A Federal Circuit panel held on August 16, 2011 in Cybersource Corp. v. Retail Decisions, Inc., Fed. Cir., No. 2009-1358, 8/16/2011, that,
“A patent claim to a computer readable medium containing program instructions to carry out steps for detecting credit card fraud is not patent eligible under 35 U.S.C. 101.”
The Court reached this conclusion about the article of manufacture claim because the steps that would be carried out by the computer program are nothing more than an unpatentable method that can be performed entirely in the human mind or by a human using a pen and paper. Section 101 is not satisfied by a method process “standing alone and untied to another category of statutory subject matter even when a practical application was claimed,” Judge Dyk explained, citing his opinion in In re Comiskey, 554 F.3d 967 (Fed. Cir. 2009). By the same token, the “Beauregard” claim (see In re Beauregard, 53 F.3d 1583 (Fed. Cir. 1995)) to the computer readable medium reciting the method steps that are unpatentable cannot stand, according to the appellate panel.

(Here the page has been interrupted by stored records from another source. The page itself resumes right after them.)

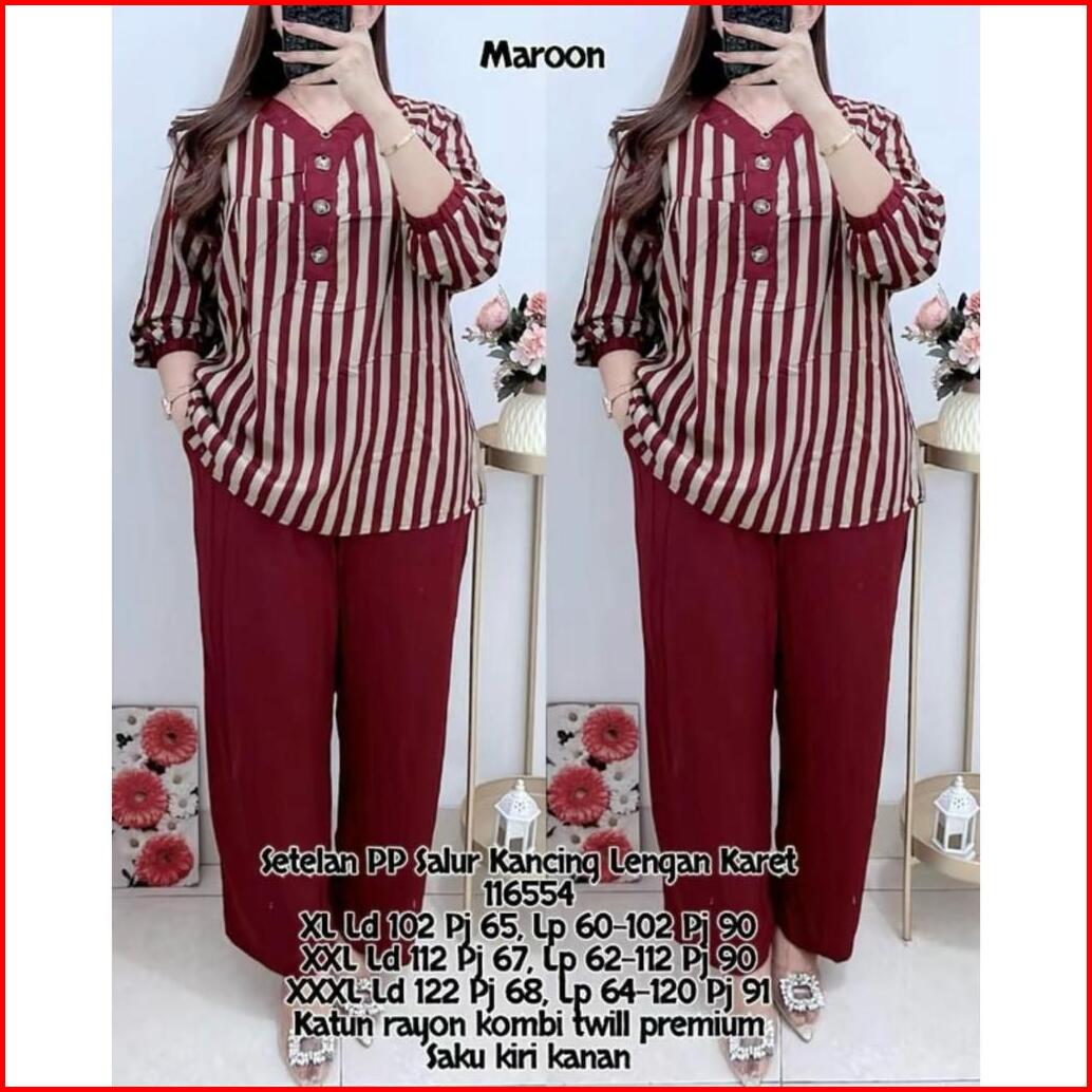 Setelan Pp Salur Kancing Lengan Karet Terbaru 2025 Bahan Rayaon Premium Bahan Adem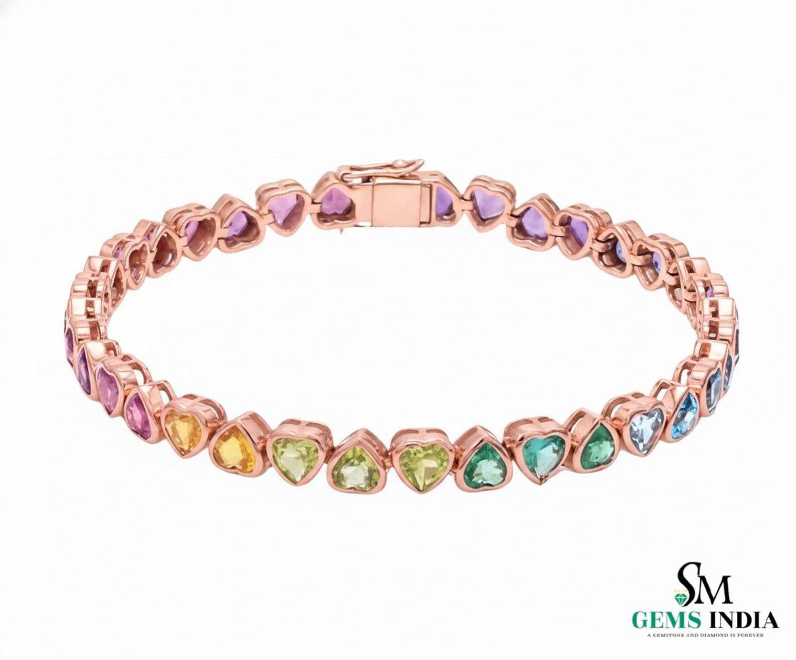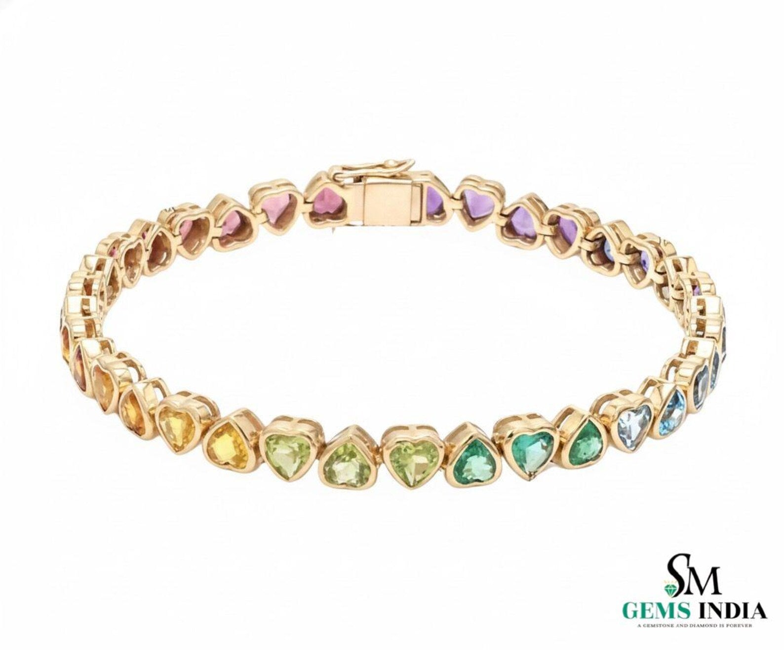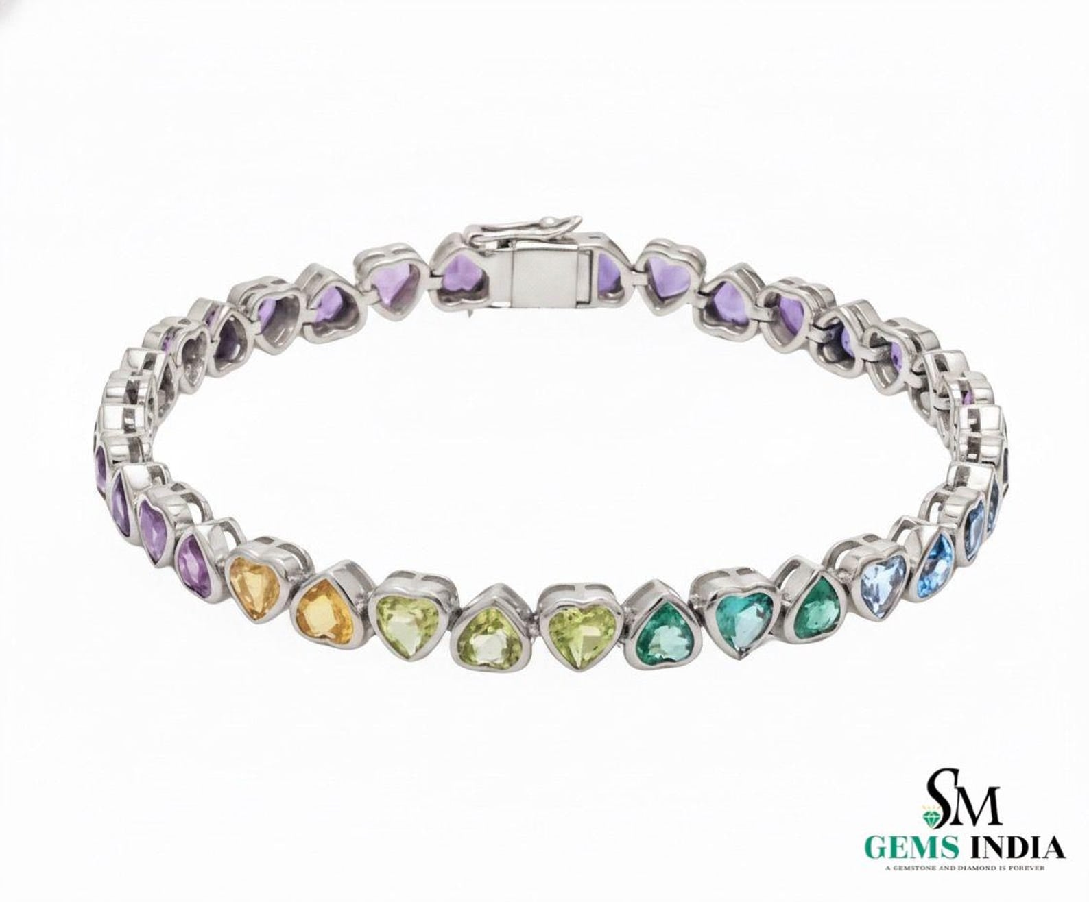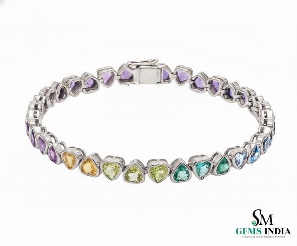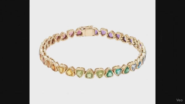 Natural Rainbow sapphire heart Shape tennis bracelet in 18K gold bezel set rainbow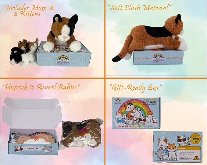 Chirpy Chums Classic Cat Family โ Mommy Cat with 4 Kittens โ 14โ Ultra-Soft Plush Stuffed Animal Toy โ Zipper Belly Surprise for Cuddles, Play & Gifts โ 5-Piece Kitten Set for Kids Ages 3+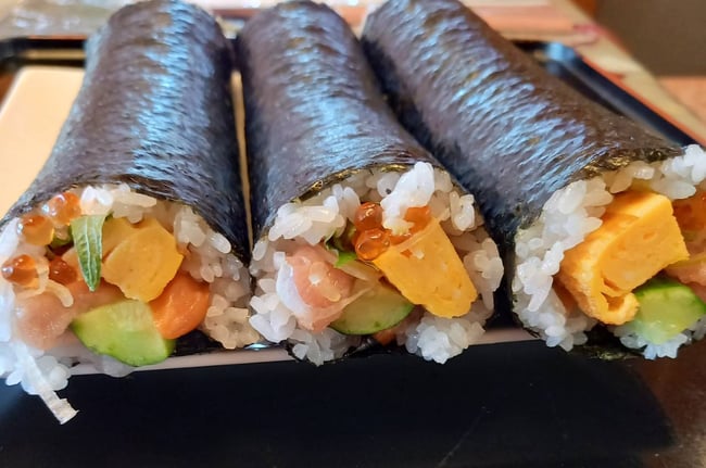 きゅうり、たまご、いくら、サーモン、ねぎとろ、大葉の入った海鮮恵方巻です。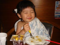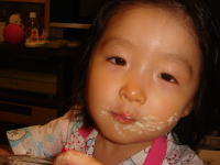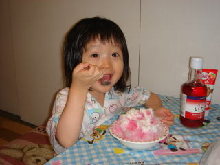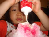 お夕飯後、依亜はパパとお風呂に入り、今年初の“かき氷”!とても喜んでいました。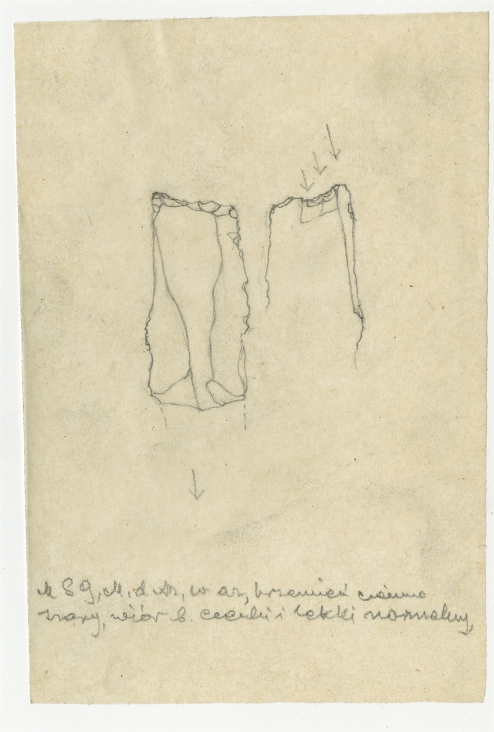 Rysunek zabytku krzemiennego z Mas-d'Azil w ołówku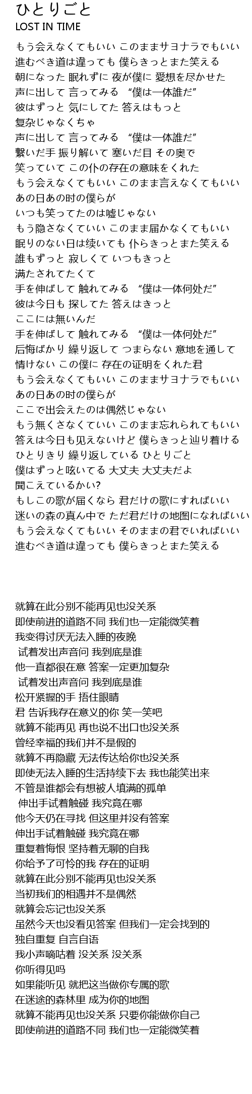 | [03:25.00] | ひとりきり 繰り返している ひとりごと |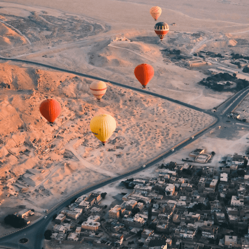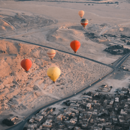 Bay khinh khí cầu lúc bình minh để ngắm toàn cảnh sông Nile, Thung lũng các Vị Vua và các kỳ quan cổ đại. Tiếp tục khám phá Đền Karnak hùng vĩ trước khi rời thành phố cổ và bay về Cairo.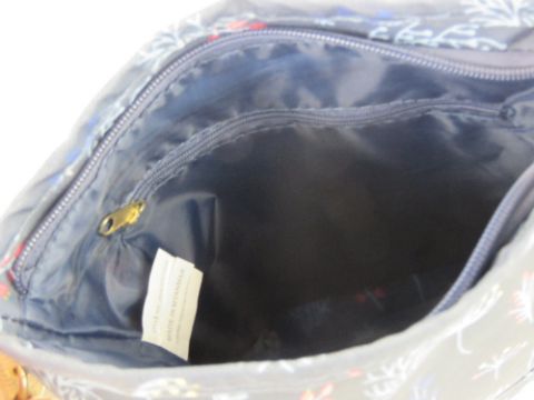 An 'as new' cross body bag in navy floral pattern by Nicole Brown 22 x 22cm.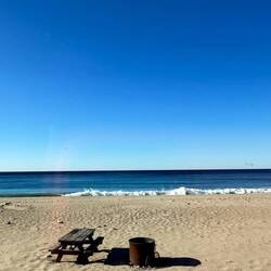Nach einem langen Ritt von über 350 km haben wir Bahia Asuncion an der Pazifischen Küste erreicht. Wir sind die einzigen Gäste auf dem Campground. Durch den Hurrikan im Oktober 2023 ist hier nochLue lisää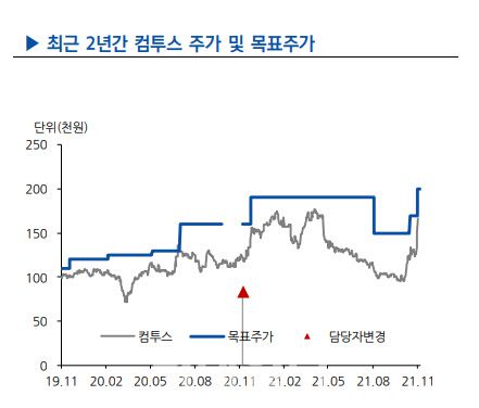 메타버스·NFT 사업을 공격적으로 확장 중인 점도 긍정적으로 평가했다. 개발 중인 자체 메타버스 플랫폼 Com2verse는 트레일러 영상 공개, 내년 하반기 오피스월드 상용화, 이후 엔터테인먼트 월드로의 확장 과정을 거칠 것으로 예상했다.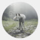 White Siberian Husky Classic Round Sticker. White Siberian Husky in the forest. Photo by Marek Szturc.
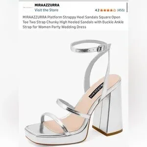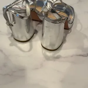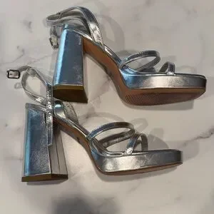 Silver Strappy Women's platform Heels size 8 party wedding 4 inch heel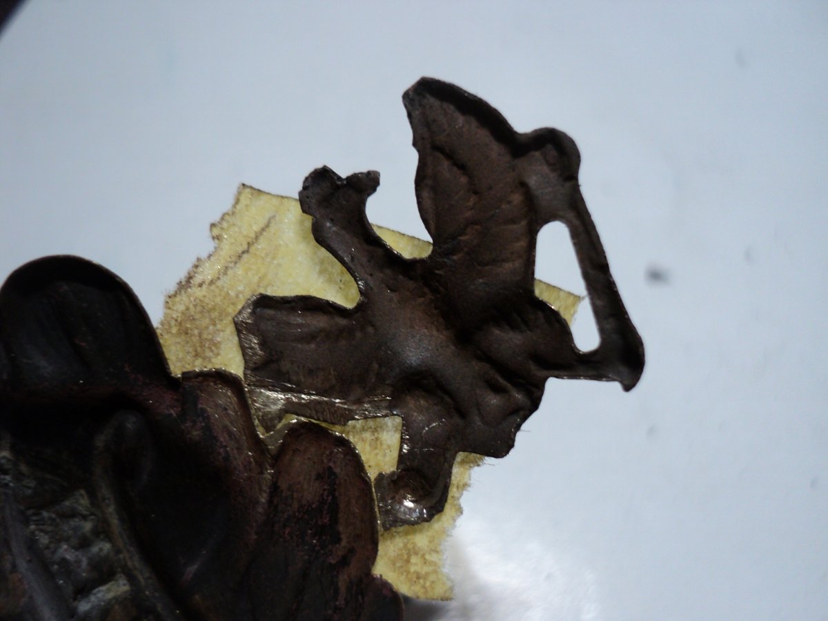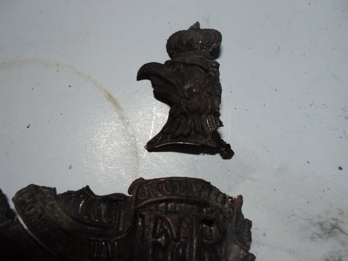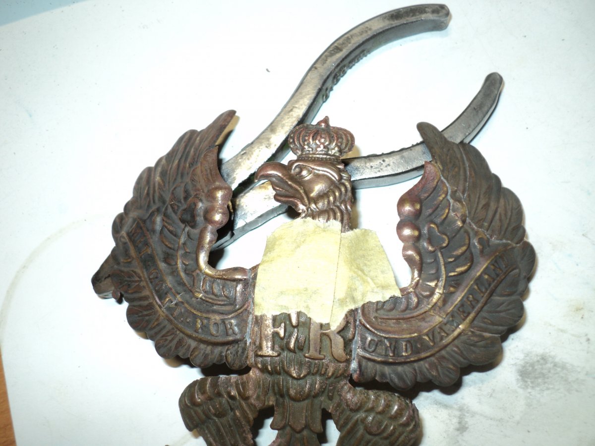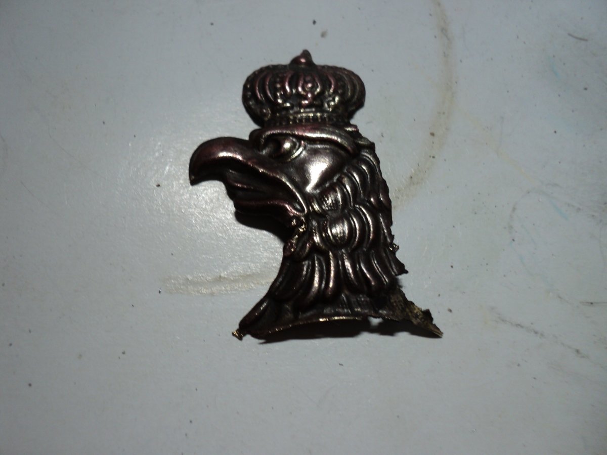 Восстановил одного орла. Прикупил "суповой набор" из остатков 3-х орлов и ободка козырька, но козырек большой и на этот пикель не подходит, будет ставиться на другой. Осмотрев все детали и складывая из них мозаику, было решено из 3-х сделать 2 и то неполных. Крыло спаяно из 3-х частей, голова и держава была отрезана с больш "убитого" орла, а также отрезана птичка скипетра из остатков крыла.

The Court also rejected the argument that the Beauregard claim, directed to a tangible, man-made article of manufacture, is per se outside of the Supreme Court categories excluded from patentable subject matter. Judge Dyk discussed In re Abele, 684 F.2d 902 (CCPA 1982), which claimed an unpatentable “method for displaying data” and an “apparatus for displaying data” that performs out the steps of the unpatentable method. Due to the broad and functionally-defined nature of the apparatus claim, according to Abele, treating the apparatus claim differently from the method claim would exalt form over substance. The Abele Court required the applicant to demonstrate that the claims were “truly drawn to a specific apparatus distinct from other apparatuses capable of performing the identical functions,” Judge Dyk pointed out.
In this case, the Court concluded, Cyberspace failed to prove its article of manufacture claim is “truly drawn to a specific” computer readable medium, rather than to the underlying method of credit card fraud. Acknowledging that a programmed general purpose computer creates a new machine under In re Alappat, 33 F.3d 1526 (Fed. Cir. 1994), Judge Dyk added the following:
But we have never suggested that simply reciting the use of a computer to execute an algorithm that can be performed entirely in the human mind falls within the Alappat rule. Thus, despite its Beauregard claim format, under Abele, we treat claim 2 as a process claim for patent-eligibility purposes.
With respect to the method claim itself, the Court held that it does not involve machine operation and fails the transformation test in that it simply requires one to “obtain and compare intangible data pertinent to business risks.” It rejected the argument that, because obtaining an Internet address would not be possible without the Internet, the method is necessarily tied to a machine. Nothing in the claim requires the use of the Internet to obtain the address data. “Such a method that can be performed by human thought alone is merely an abstract idea and is not patent-eligible under §101,” Judge Dyk wrote.